La Russie est sans doute bluffée par ces dispositions ! Elle vient de se faire encore avoir par les Américains. Mais elle n’est pas à plaindre. Elle n’a pas perdu dans l’échange car elle s’est posée en arbitre de l’avenir du régime des mollahs. Ces derniers l’ont d’ailleurs bien compris, puisqu’ils ont changé d’attitude envers Moscou en se montant plus patients notamment sur la date de livraison de Bouchehr (l’alibi de leur programme nucléaire). Les mollahs n’exigent plus une date précise. Parallèlement, cette semaine, les Russes ont également annoncé qu’ils s’installaient pour un demi-siècle en Ossétie du Sud et en Abkhazie. Cela n’a pas déclenché les foudres de Washington. Il est fort probable que ces deux provinces géorgiennes aient été comprises dans le deal américain, comme une assurance supplémentaire pour éviter un changement de dernière minute de la Russie. Cette dernière a donc eu droit à deux superbes cadeaux en échange de la levée de son veto. On dirait que ça sent le roussi pour les mollahs !

Conclusions | En fait, dans cette affaire, chacun a eu ce qu’il voulait sauf les mollahs qui ont perdu et en plus sur tous les tableaux (vis-à-vis des Etats-Unis, mais aussi leur dépendance à la Russie). Assurés d’être sanctionnés, incapables d’un apaisement sous l’effet des sanctions car ce serait l’aveu d’une impuissance qui sera sévèrement sanctionnée par la rue arabe, les mollahs n’ont d’autres choix que d’aller à la confrontation ce qui fait ressortir une radicalisation révolutionnaire du discours de tous les dirigeants.
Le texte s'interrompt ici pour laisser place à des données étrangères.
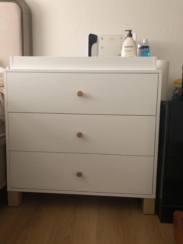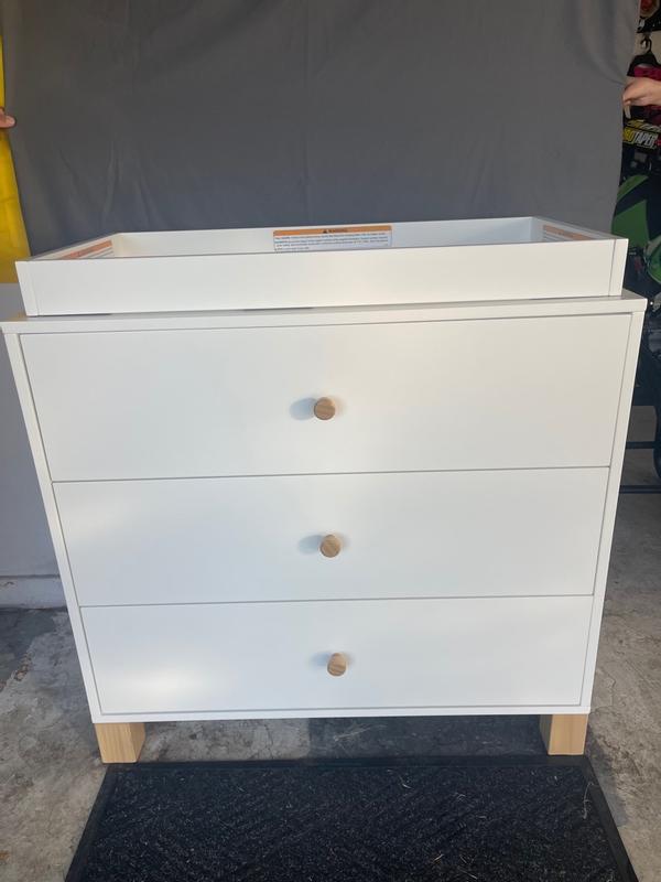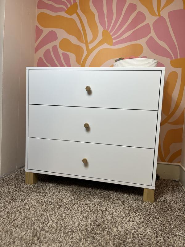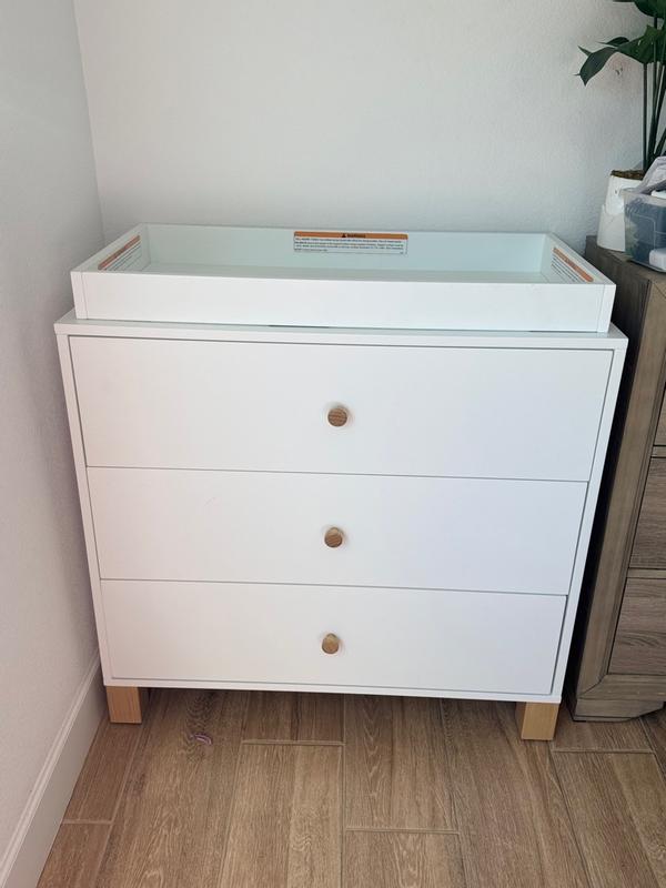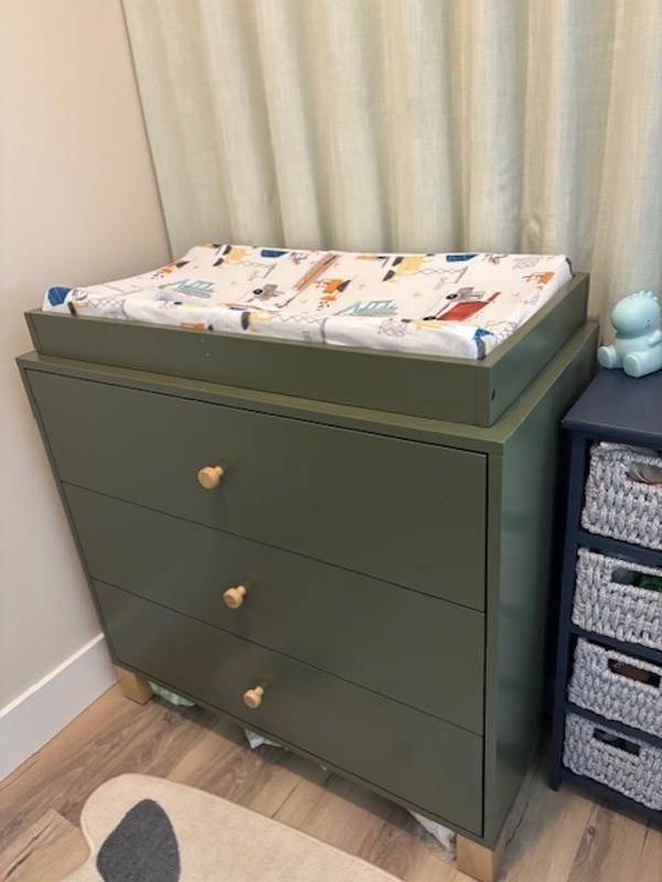 We got this dresser 3 months ago and have been using it daily since. The drawers are incredibly spacious and fits everything we need in them. I really like that we can remove the changing topper for when our son is older so we can continue using this dresser. Assembly was easy and the instructions were very clear so I was able to assemble this myself In about an hour. I also really love the colour! We got this in the olive to match our crib and so happy we did as it adds the pop of colour we were looking for.

C’est ce qui fait le charme de ce bras de fer entre Téhéran et Washington. Son issue est complexe. Washington a fait tout ça pour rester maître des sanctions et éviter l’escalade. Il devra sous peu adopter des sanctions plus dures qu’il ne voulait en raison de ses propres révélations et de l’attitude ostentatoirement fermée de Téhéran !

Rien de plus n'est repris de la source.